Boussinesq equation, Mathworld

Individual evidence

^ Ablowitz, Clarkson, Solitons, nonlinear evolution equations and inverse scattering, Cambridge University Press 1991, p. 52
^ Based on Whitham, Linear and Nonlinear Waves 1974, z. B. prefactor 3 before ${\ displaystyle {u ^ {2}} _ {xx}}$
↑ LV Bogdanov, VE Zakharov, The Boussinesq equation revisited, Physica D, Volume 165, 2002, pp. 137-162, pdf
↑ Ablowitz, Clarkson, loc. cit.
↑ Wolfram, Mathworld, article Boussinesq equation, see web links
↑ Markus Witting, Heinz-Dieter Niemyer, Mathematical Modeling of Wave Run-Up and Overflow, The Coast, Volume 71, 2006, pp. 93-123, pdf
↑ The u defined in this section has nothing to do with the u in the section above, where u simply gives the solution of the dimensionless Boussinesq equation derived below.
↑ z. B. Lokenath Debnath, Nonlinear Water Waves, Academic Press 1994, p. 12 or RS Johnson, A modern introduction to the mathematical theory of water waves, Cambridge UP, 1997, p. 15f.
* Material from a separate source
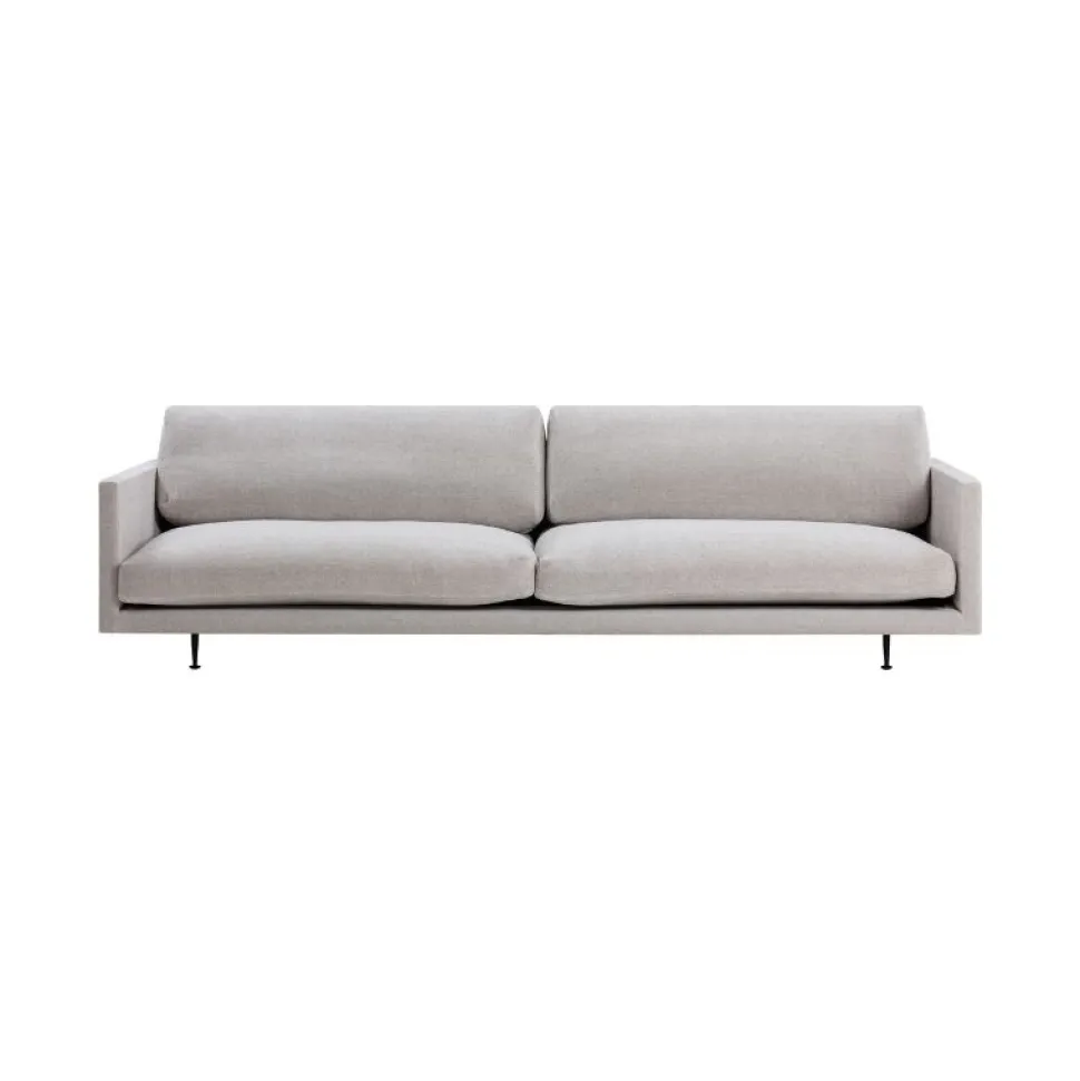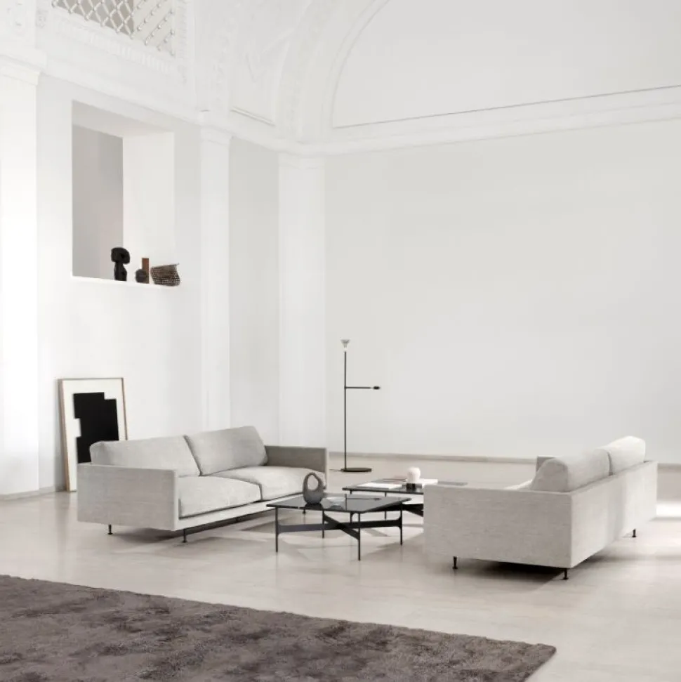 Elegant sofa der udstråler komfort. Maho er en voluminøs lavtliggende sofa som hviler oven på et slankt og skarpt defineret stel i sort pulverlakeret stål. Designet fås i to sædehøjder og en række polstringsmuligheder fra Wendelbos kuraterede redigering af tekstiler og læder.
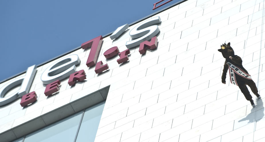 3月18日,在德國(guó)柏林舉行的“高樓漫步”活動(dòng)中,一名女子打扮成熊的模樣(柏林的象征)在天使酒店外墻上行走,參加活動(dòng)的人都有繩索保護(hù)。圖片來源:中國(guó)新聞網(wǎng)

[1] Ablowitz, Clarkson, Solitons, nonlinear evolution equations and inverse scattering, Cambridge University Press 1991, p. 52

[2] Based on Whitham, Linear and Nonlinear Waves 1974, z. B. prefactor 3 before ${\ displaystyle {u ^ {2}} _ {xx}}$

[3] LV Bogdanov, VE Zakharov, The Boussinesq equation revisited, Physica D, Volume 165, 2002, pp. 137-162, pdf

[4] Ablowitz, Clarkson, loc. cit.

[5] Wolfram, Mathworld, article Boussinesq equation, see web links

[6] Markus Witting, Heinz-Dieter Niemyer, Mathematical Modeling of Wave Run-Up and Overflow, The Coast, Volume 71, 2006, pp. 93-123, pdf

[7] The u defined in this section has nothing to do with the u in the section above, where u simply gives the solution of the dimensionless Boussinesq equation derived below.

[8] z. B. Lokenath Debnath, Nonlinear Water Waves, Academic Press 1994, p. 12 or RS Johnson, A modern introduction to the mathematical theory of water waves, Cambridge UP, 1997, p. 15f.